### WHAT YOU WILL DO
Please transcribe exactly the lines from the line holding "5- Enrole como" through the end of the data below, and skip any pictures.

### EXCERPTED RECORDS

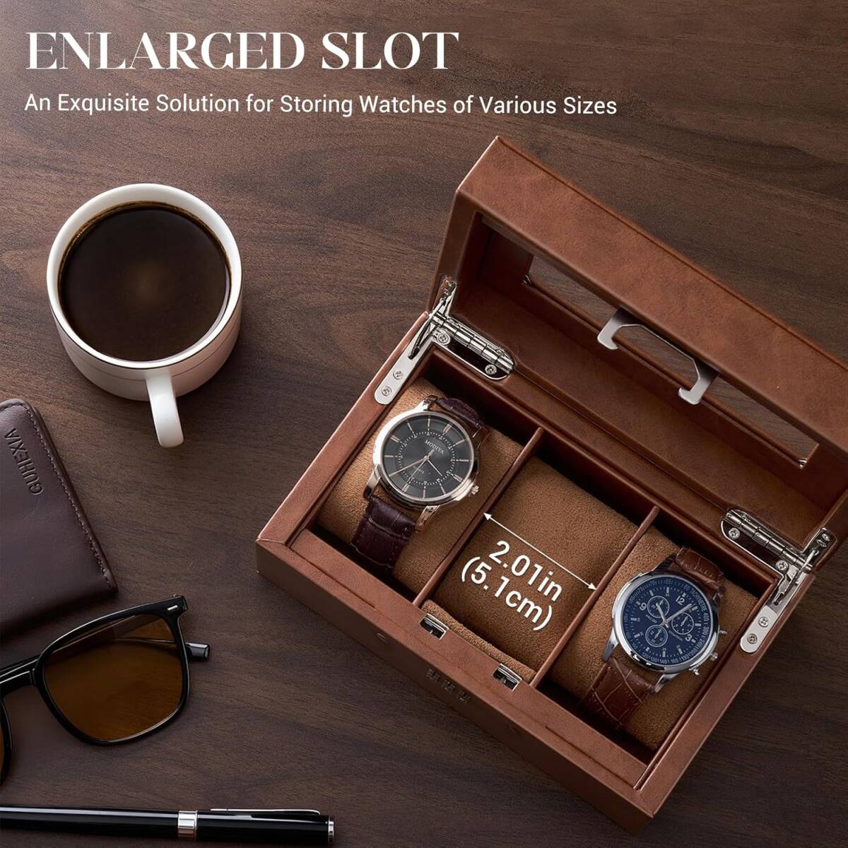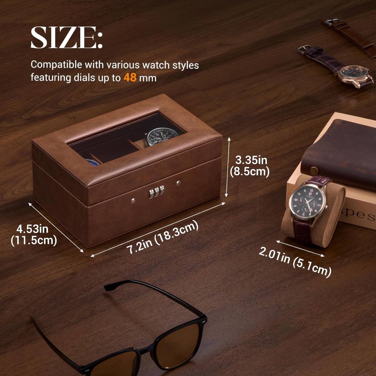 腕時計ケース ウォッチボックス ディスプレイ収納ケースブラウン 3本 男性用 パスワードロック付き 時計オーガナイザー ガラス天板
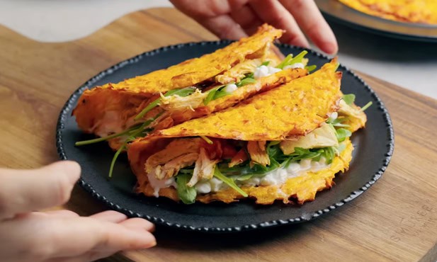 5- Enrole como um wrap, polvilhe um pouco de mussarela por cima e leve novamente ao forno até o queijo derreter.
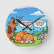 Funny Cartoon Dog, Cat, and Mouse Round Clock
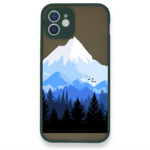 Apple iPhone 12 Mini Buzul Beyaz2 Koyu Yeşil Hux Telefon Kılıfı
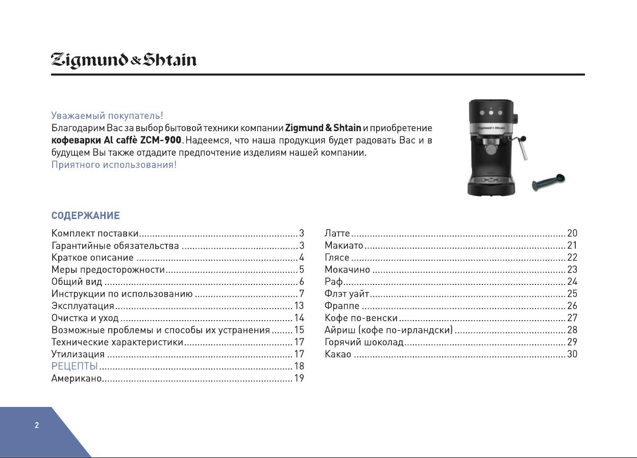 Данная инструкция на русском языке предназначена для кофемашины Zigmund & Shtain Al caffe ZCM-900, описывает принцип работы и основные моменты эксплуатации устройства. Перед первым включением рекомендуется внимательно изучить данное руководство.

### COMPLETED TASK
 5- Enrole como um wrap, polvilhe um pouco de mussarela por cima e leve novamente ao forno até o queijo derreter.
 Funny Cartoon Dog, Cat, and Mouse Round Clock
 Apple iPhone 12 Mini Buzul Beyaz2 Koyu Yeşil Hux Telefon Kılıfı
 Данная инструкция на русском языке предназначена для кофемашины Zigmund & Shtain Al caffe ZCM-900, описывает принцип работы и основные моменты эксплуатации устройства. Перед первым включением рекомендуется внимательно изучить данное руководство.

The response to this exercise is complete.